DimPlot(kang, reduction="pca", group.by="stim")
DimPlot(kang, reduction="harmony", group.by="stim")
We can use harmony
the same way we used the pca
reduction to compute a UMAP layout or to find clusters.
kang <- RunUMAP(kang, reduction="harmony", dims=1:10, reduction.name="umap_harmony")
#> 10:03:48 UMAP embedding parameters a = 0.9922 b = 1.112
#> Found more than one class "dist" in cache; using the first, from namespace 'spam'
#> Also defined by 'BiocGenerics'
#> 10:03:48 Read 5000 rows and found 10 numeric columns
#> 10:03:48 Using Annoy for neighbor search, n_neighbors = 30
#> Found more than one class "dist" in cache; using the first, from namespace 'spam'
#> Also defined by 'BiocGenerics'
#> 10:03:48 Building Annoy index with metric = cosine, n_trees = 50
#> 0% 10 20 30 40 50 60 70 80 90 100%
#> [----|----|----|----|----|----|----|----|----|----|
#> **************************************************|
#> 10:03:48 Writing NN index file to temp file /var/folders/my/cwpwt_rd1znflqb8gm8py418lslkvl/T//RtmpuSh7H9/file1bee908d6a1
#> 10:03:48 Searching Annoy index using 1 thread, search_k = 3000
#> 10:03:49 Annoy recall = 100%
#> 10:03:50 Commencing smooth kNN distance calibration using 1 thread with target n_neighbors = 30
#> 10:03:50 Initializing from normalized Laplacian + noise (using irlba)
#> 10:03:51 Commencing optimization for 500 epochs, with 210560 positive edges
#> 10:03:55 Optimization finished
#> Warning: Key 'UMAP_' taken, using 'umapharmony_' instead
DimPlot(kang, reduction="umap_harmony", group.by="stim")
kang <- FindNeighbors(kang, reduction="harmony", dims=1:10)
#> Computing nearest neighbor graph
#> Computing SNN
kang <- FindClusters(kang, resolution=0.25)
#> Modularity Optimizer version 1.3.0 by Ludo Waltman and Nees Jan van Eck
#>
#> Number of nodes: 5000
#> Number of edges: 171031
#>
#> Running Louvain algorithm...
#> Maximum modularity in 10 random starts: 0.9327
#> Number of communities: 9
#> Elapsed time: 0 seconds
kang$harmony_clusters <- kang$seurat_clusters
DimPlot(kang, reduction="umap_harmony", group.by="harmony_clusters")
DimPlot(kang, reduction="umap", group.by="harmony_clusters")
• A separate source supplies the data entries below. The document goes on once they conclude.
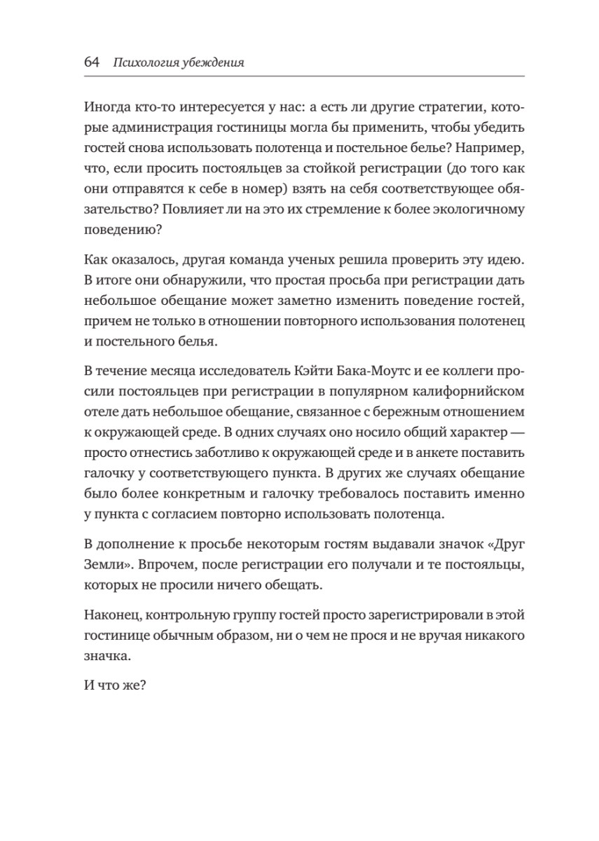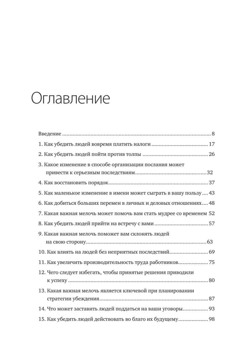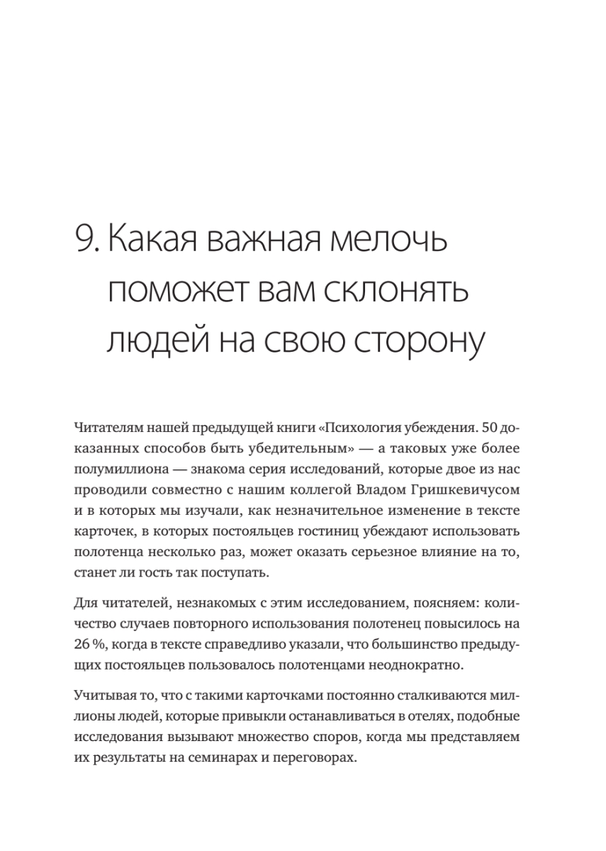 Новая книга Чалдини — мощный прорыв в сложном искусстве убеждения, более 50 удивительно простых способов влияния на людей.Не важно, кого вам надо убедить и в чем: начальника — поддержать идею, коллегу — помочь с проектом, клиента — сделать покупку, супруга — вынести мусор, ребенка — выполнить домашнее задание без капризов…Вопрос в другом. Что конкретно можно изменить в вашем подходе, чтобы убеждать намного эффективнее?Старые методы больше не работают. В эпоху кризиса доверия и избытка информации нужны новые технологии убеждения. Люди все чаще принимают решения, основываясь не на самой информации, а на контексте, в котором эта информация представлена. В современном мире именно маленькие изменения способны оказывать сильнейшее влияние. Изменения, которые вы сможете немедленно применить на практике. Изменения, благодаря которым ваша способность убеждать резко возрастет. Это и есть важные мелочи. Когда дело касается влияния и убеждения, именно они гарантируют успех!..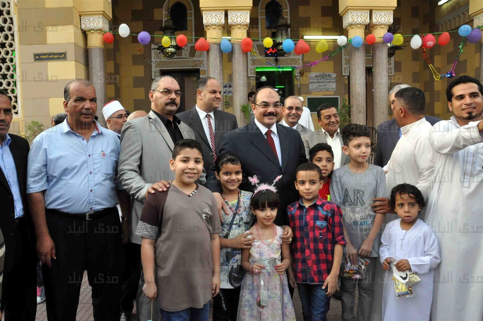 بالصور.. الأطفال ومواطنى القليوبية يلتقطون صورا مع المحافظ احتفالا بالعيد
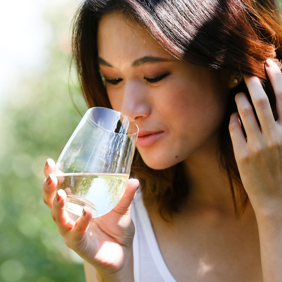 縦長でしっかりとしたすぼまりをもつスタンダードなボウル形状のため、軽めの赤ワインやさっぱりとした白ワインなど、幅広い用途でご利用いただけます。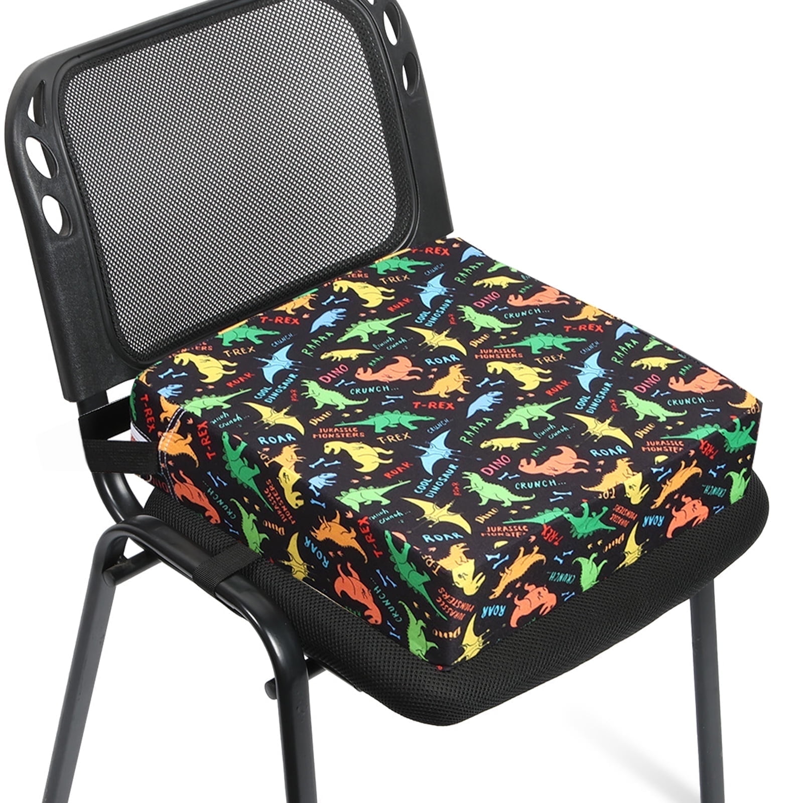 Dznils Toddler Booster Seat for Dining Table, with Safety Buckles, Non-Slip Bottom, Black Dinosaur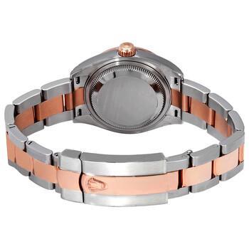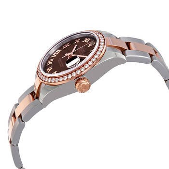 Stainless steel case with a stainless steel and 18k everose gold rolex oyster bracelet. Fixed-diamond set 18k everose gold bezel. Chocolate dial with everose gold hands and Roman numeral hour markers. Dial Type: Analog. Date display at the 3 o'clock position. Rolex Calibre 2236 automatic movement with a 55-hour power reserve. Scratch resistant sapphire crystal. Screw down crown. Solid case back. Round case shape. Case size: 28 mm. Water resistant at 100 meters / 330 feet. Functions: date, hour, minute, second. Additional Info: bezel set with 46 diamonds. Luxury watch style. Watch label: Swiss Made. Rolex Datejust Chocolate Dial Automatic Ladies Steel and 18K Everose Gold Oyster Watch 279381CHRO.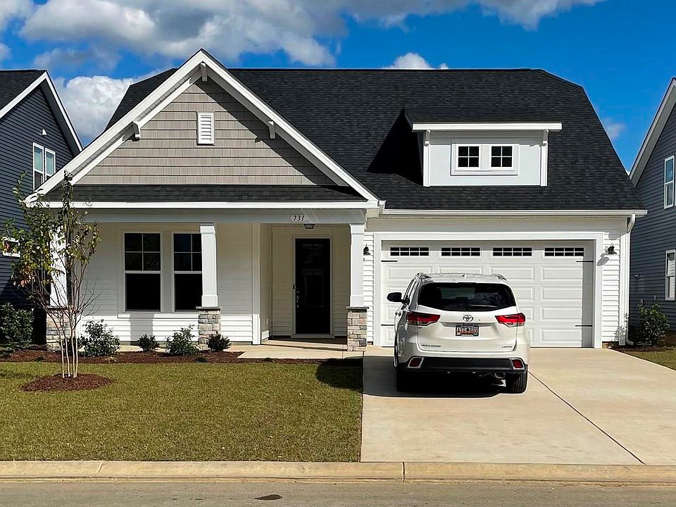 Step in from the Shorebreak’s covered front porch to find 3 bedrooms, 2 bathrooms, an open kitchen, dining, and great room area finished with a beautiful tray ceiling. Breeze through sliding glass doors onto a large covered porch, ideal for warm summer evenings or afternoon get-togethers. Through the foyer, you’ll find a large drop zone and laundry area. Drop-off beach chairs in the convenient storage space just inside the garage, as well. Across from the drop zone is a spacious third bedroom. Beyond the open living space, find a stunning owner's master suite complete with a tray ceiling, enormous walk-in closet, double vanity, and a seated shower. Go ahead, kick your feet up, sit back, and relax among the day-to-day comforts and spaciousness of your new home in Heritage Park!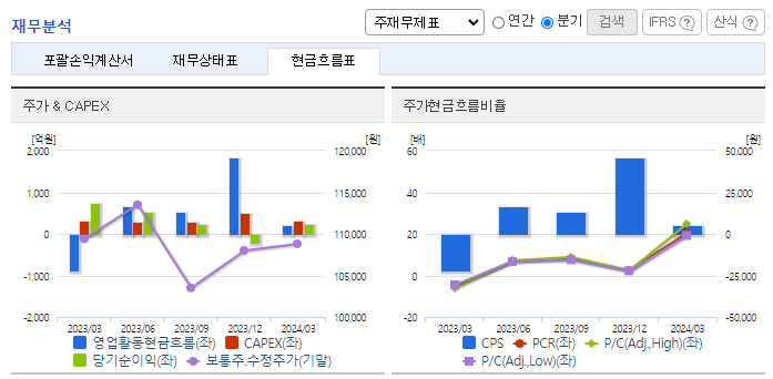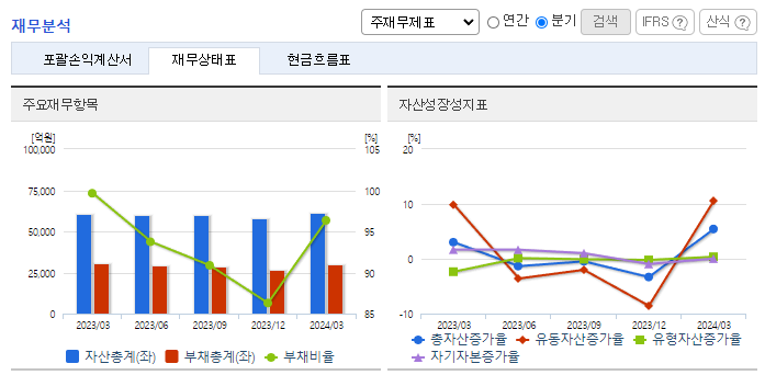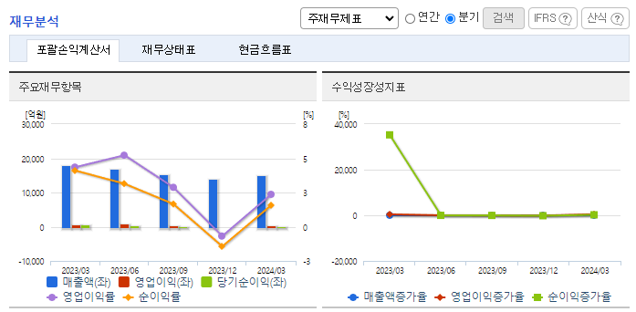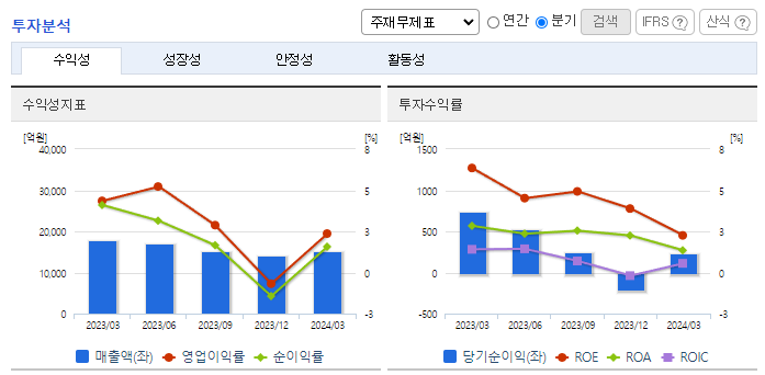 -2024년 3월 전년동기 대비 연결기준 매출액은 15.4% 감소, 영업이익은 54% 감소, 당기순이익은 65.4% 감소. 국내 철강업계가 자동차, 건설 등 전 방 수요 부진과 각종 통상 이슈로 어려움을 겪으면서 매출 및 이익률이 크게 감소하였음. EU, 미국, 영국 등 주요 국가에서 해외 철강재에 대해 무역장벽을 높이고 있음. 탄소배출량과 관련된 규제로 인하여 국내철강업계의 부진은 당분간 지속될 예정.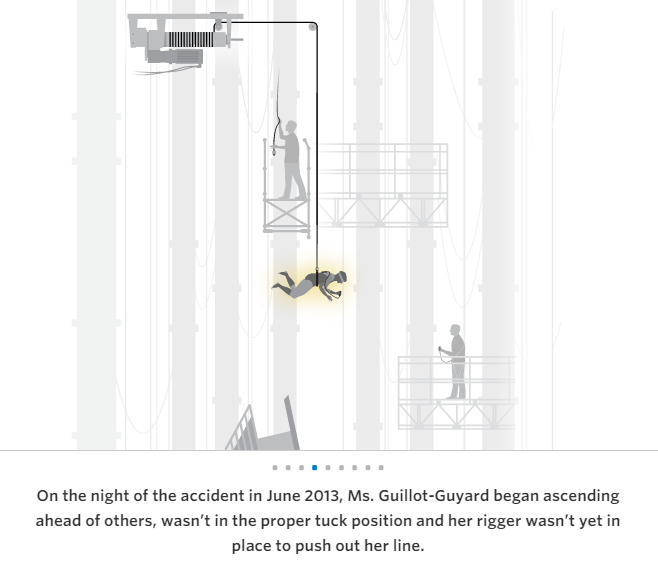 “I wasn’t there,” her sobbing rigger later told a fellow employee, according to OSHA records. “I felt the rope go through my hand.”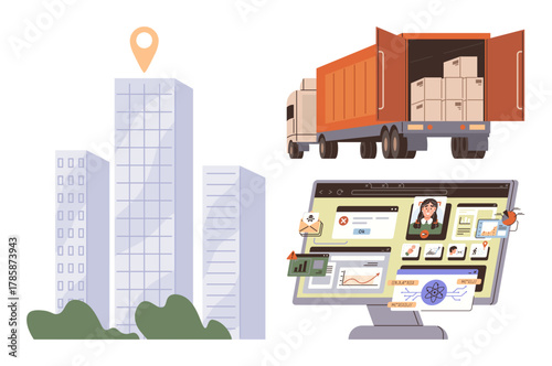 Mužské znaky nakladače loading eco konopí dodávka truck s rekreační konopí, lékařské marihuany, CBD produkty, flat vector ilustrace. Služba doručování konopí, legální obchod s marihuanou.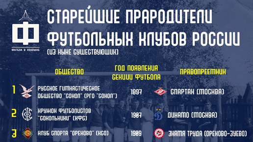 ПЯТЬ СТАРЕЙШИХ СПОРТИВНЫХ ОБЩЕСТВ РОССИИ, ИЗ КОТОРЫХ ПОЯВИЛИСЬ ФУТБОЛЬНЫЕ КЛУБЫ, КОТОРЫЕ СУЩЕСТВУЮТ И НЫНЕ...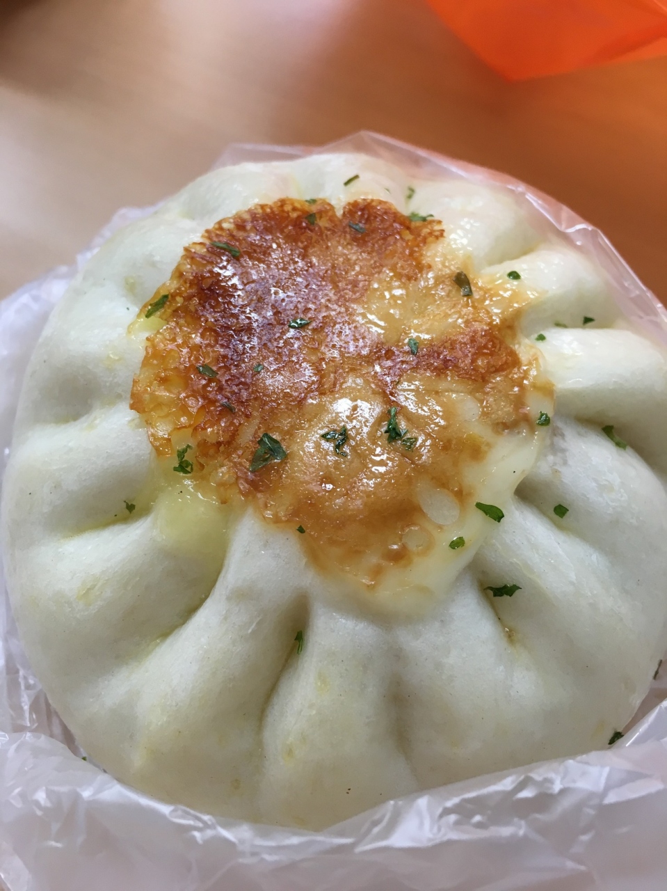 肉まんのような雰囲気のフランス風ピロシキ。お肉がたっぷりでおかずっぽいパンです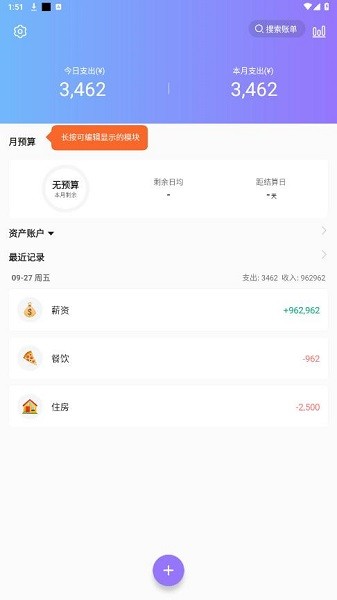 -- 然后就是最近的账单记录了,下面有一个醒目的添加按钮,点击加号,就可以记录新的一笔账单了。

Having found a good set of clusters, we would usually perform differential expression analysis on the original data and include batches/runs/individuals as predictors in the linear model. In this example we could now compare un-stimulated and stimulated cells within each cluster. A particularly nice statistical approach that is possible here would be to convert the counts to pseudo-bulk data for the eight individuals, and then apply a bulk RNA-Seq differential expression analysis method. However there is still the problem that unstimulated and stimulated cells were processed in separate batches.